The Wehrmacht War Crimes Bureau, 1939–1945
- First edition
- Author: Alfred-Maurice de Zayas
- Original title: Die Wehrmacht-Untersuchungsstelle
- Language: German
- Genre: Non-fiction
- Publisher: Universitas/Langen Müller
- Publication date: November 1979
- Publication place: Germany
- Published in English: 1989

= The Wehrmacht War Crimes Bureau, 1939–1945 =

Book by Alfred-Maurice de Zayas

The Wehrmacht War Crimes Bureau, 1939–1945 is a book by Alfred-Maurice de Zayas. It was published in November 1979 in Germany by Universitas/Langen Müller under the title Die Wehrmacht-Untersuchungsstelle, and in America in 1989 under the title The Wehrmacht War Crimes Bureau, 1939-1945 by the University of Nebraska Press. Professor Howard S. Levie, an expert in international humanitarian law, provided the preface for the American version. The book describes some of the work of the Wehrmacht War Crimes Bureau, a special section of the legal department of the Wehrmacht High Command, which collected reports of alleged Allied and German war crimes for purposes of diplomatic protests, war crimes trials, and white books.

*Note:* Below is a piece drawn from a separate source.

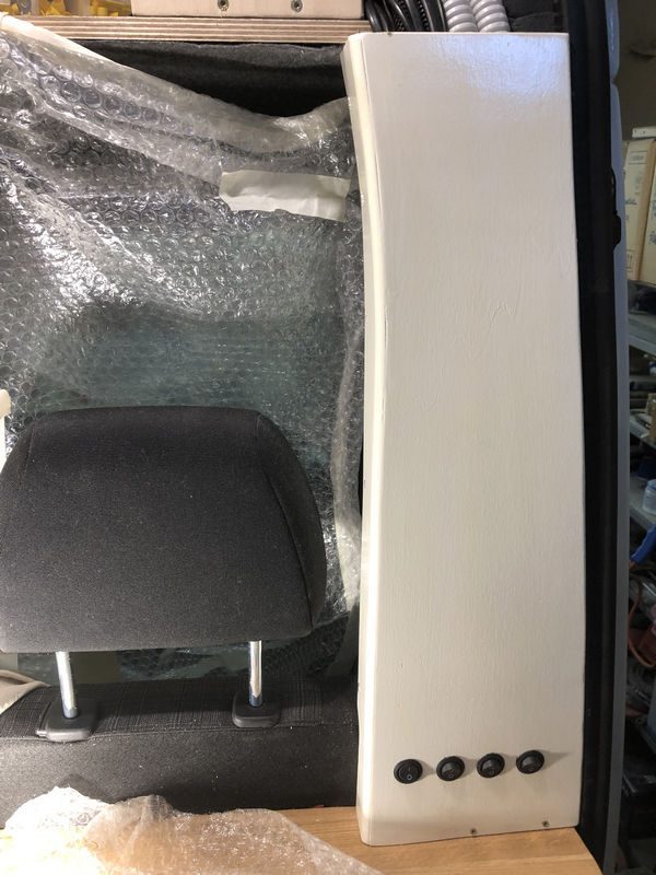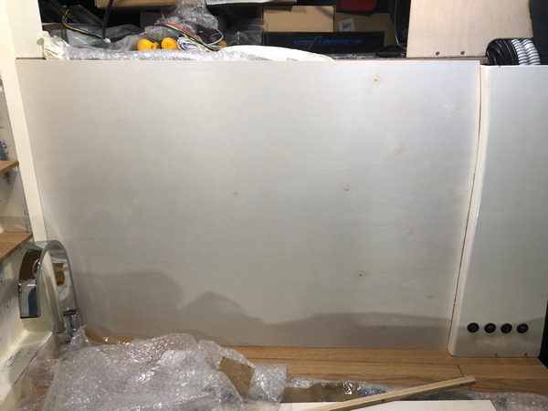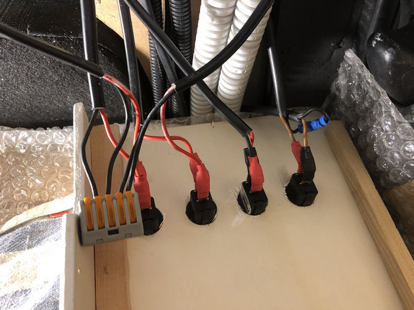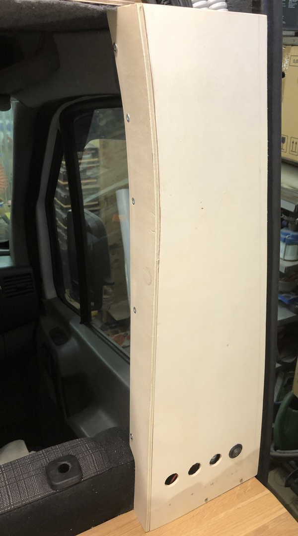 Zum Abschluss bekam der „Kabelschacht“ noch eine Pappelsperrholzverkleidung mit der gleichen Stärke zum Wohnbereich, in dem die Ausnehmungen für die Schalter gebohrt wurden.

==Research and authorship==

The book examines the records of the work of the Wehrmacht War Crimes Bureau, a body set up to collect evidence of war crimes committed by both the Allies and the Wehrmacht in World War II. Examples include the murder of Ukrainians in Lviv by the NKVD in 1941, the murder of Polish prisoners of war at Katyn in 1940, executions of German prisoners of war by French irregulars in 1944, and the sinking of the German hospital ship Tübingen by the RAF in 1944. De Zayas was the first researcher to evaluate the extant 226 volumes; about half of the total records, the rest apparently having been burned in Langensalza, Germany, near the end of the war (de Zayas; pp. xiii-xiv). These records, captured by the United States Army in May 1945, had been classified documents in the United States for several decades, and had been returned by the US National Archives to the German Bundesarchiv in 1975.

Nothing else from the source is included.